Critics say more than regulation is required: intelligence coordination, community outreach and sustained attention to online radicalisation must be part of any durable response. Experts note that violent extremism is increasingly transnational, its signals amplified by social media and its operatives sometimes moving fluidly across borders.
What This Means for the Jewish Community and Beyond
For Sydney’s Jewish population — and for Jews around the globe — this shooting landed not only as a crime but as a cultural blow. It arrived amid two years of fraught coverage and passions surrounding the Israel‑Gaza war, a period that, community leaders say, has seen a rise in reported antisemitic incidents.
“Fear is a real, material thing now,” a Bondi resident and regular at the Chabad synagogue told me, voice trembling. “We used to leave our doors unlocked here in the summer. Now people are asking whether that safety is gone.”
The pressure on government and law enforcement is real: to show they can protect minority communities, to explain what went wrong, and to rebuild trust. That work will involve policy, yes — but also long afternoons in living rooms, coffee with rabbis and imams, school visits and public vigils that stitch social fabric back together, one small act at a time.
Broader Shadows: Extremism, Migration and Identity
Beyond the immediate horror at Bondi lies a convergence of global trends: the spread of violent extremist ideology, the challenge of integrating diasporic communities, heightened polarisation around international conflicts, and the ready availability of lethal weapons. Nations from Europe to North America are grappling with similar patterns. How do democracies keep hope and pluralism alive when the tools of violence are so easily obtained?
These are not questions with quick answers. They require policy and patience, technology and tenderness, law enforcement and human services. They demand community alliances that stretch beyond religious or ethnic lines.
Where Do We Go from Here?
As Bondi heals, the faces of those lost will not be reduced to headlines.
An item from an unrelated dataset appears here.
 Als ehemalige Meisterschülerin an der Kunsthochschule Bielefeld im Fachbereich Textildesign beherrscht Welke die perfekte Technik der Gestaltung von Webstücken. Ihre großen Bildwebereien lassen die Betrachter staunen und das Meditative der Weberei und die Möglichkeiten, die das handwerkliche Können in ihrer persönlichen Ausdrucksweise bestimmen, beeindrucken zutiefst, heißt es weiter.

They will be remembered in schoolyards, at family tables, in the quiet corners of a synagogue where a rabbi used to sit. The heroism of strangers who rushed into danger will be told and retold. And the conversations about how to prevent the next attack must continue — with clarity, compassion and accountability.
What would you do if faced with the question of safety versus liberty in your own community? How far should a democracy go to monitor potential threats before a line is crossed? These are thorny, urgent questions that reach far beyond Bondi’s sand.
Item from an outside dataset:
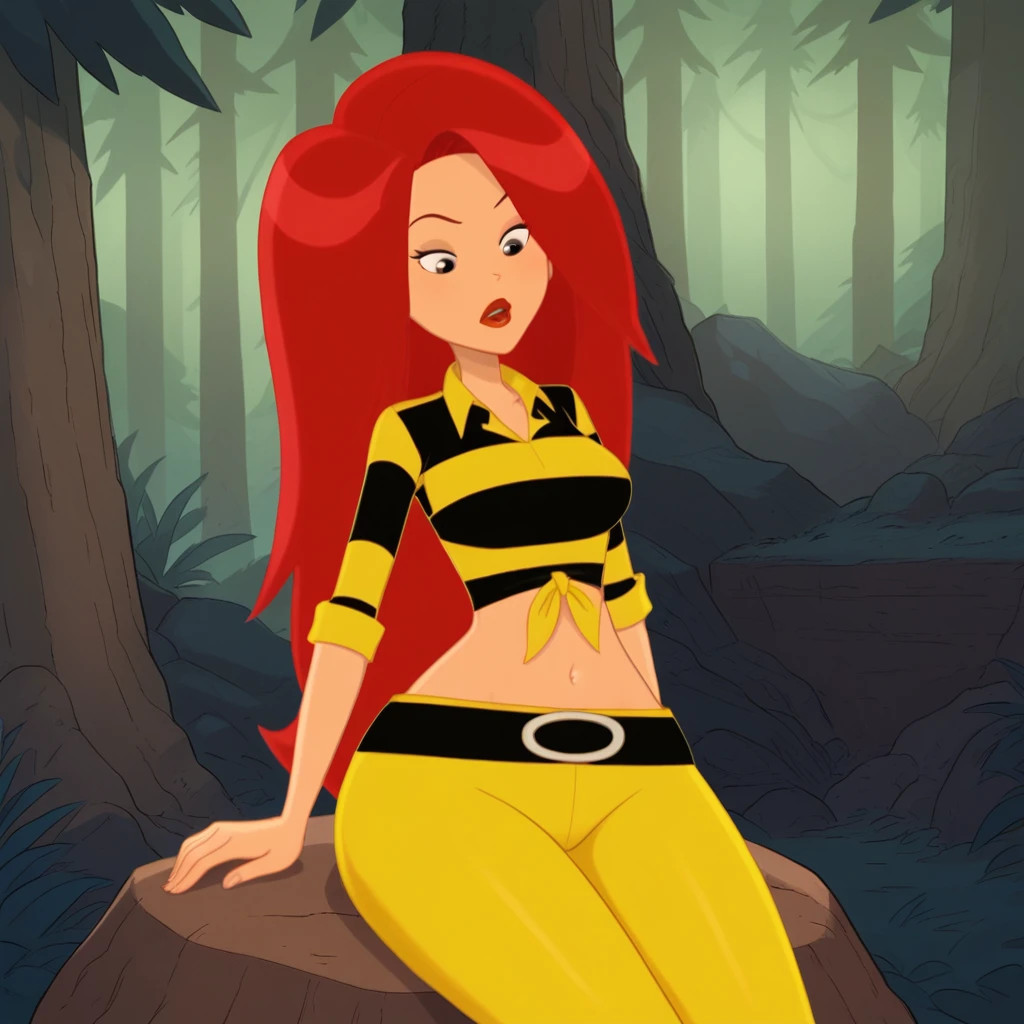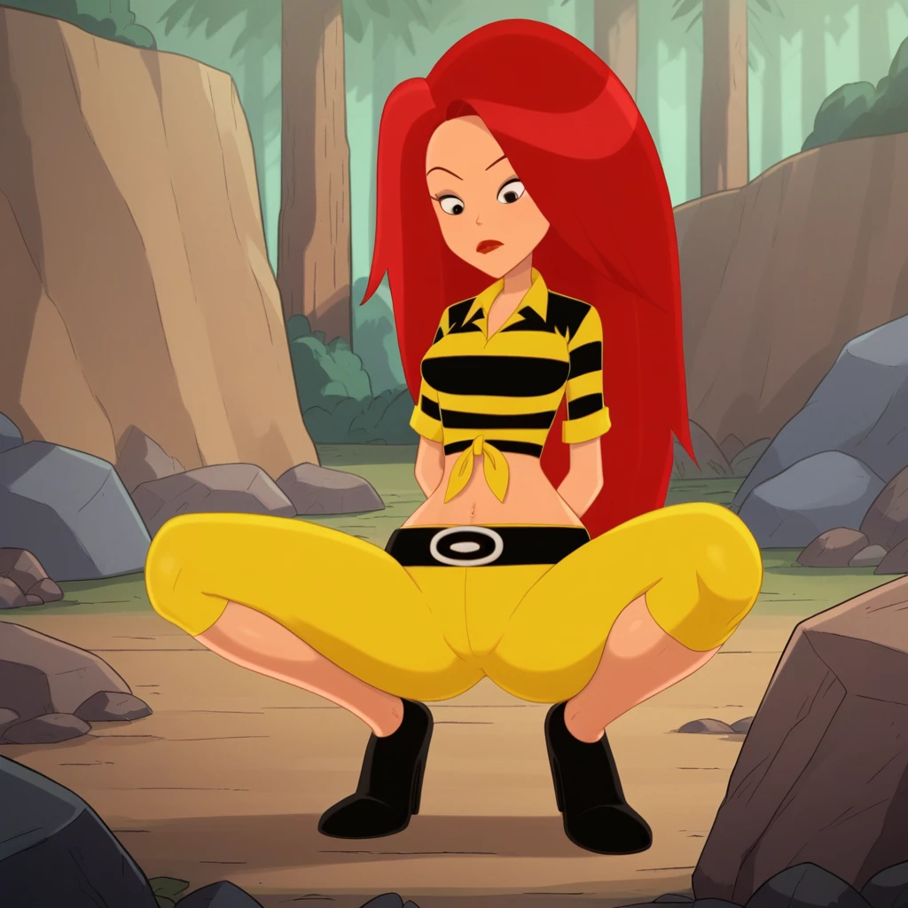 yellow shirt, striped shirt, short sleeves, shirt knot, midriff, black belt, yellow pants,

In the weeks ahead, Sydney will watch courtrooms, policy briefings and community meetings. It will also hold shiva and read names and pass around photographs. There will be arguments and memorials; there will be coffee and casseroles left at front doors. The work of recovery will be slow, and it will be shared.
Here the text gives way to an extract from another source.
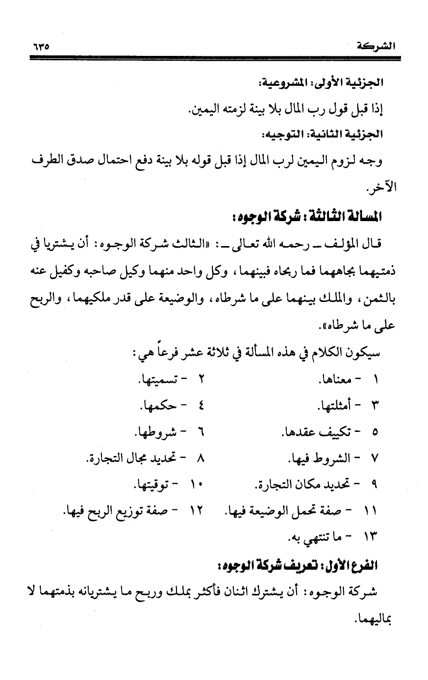 شركة الوجوه: أن يشترك اثنان فأكثر بملك وربح ما يشتريانه بذمتهما لا بماليهما.

One thing, in the end, seems certain: the shoreline where people come to find breath and relief is now a place where many will come to mourn. Life — noisy, defiant, tender — will return. But the memory of that night, and the lessons demanded by it, will linger long after the candles have melted.
- Police: younger suspect to be charged once able to be questioned.
- 22 people remain in Sydney hospitals with injuries.
- Investigations into travel to southern Philippines and potential Islamic State inspiration ongoing.
- Government has pledged gun law reforms amid criticism over prevention and intelligence gaps.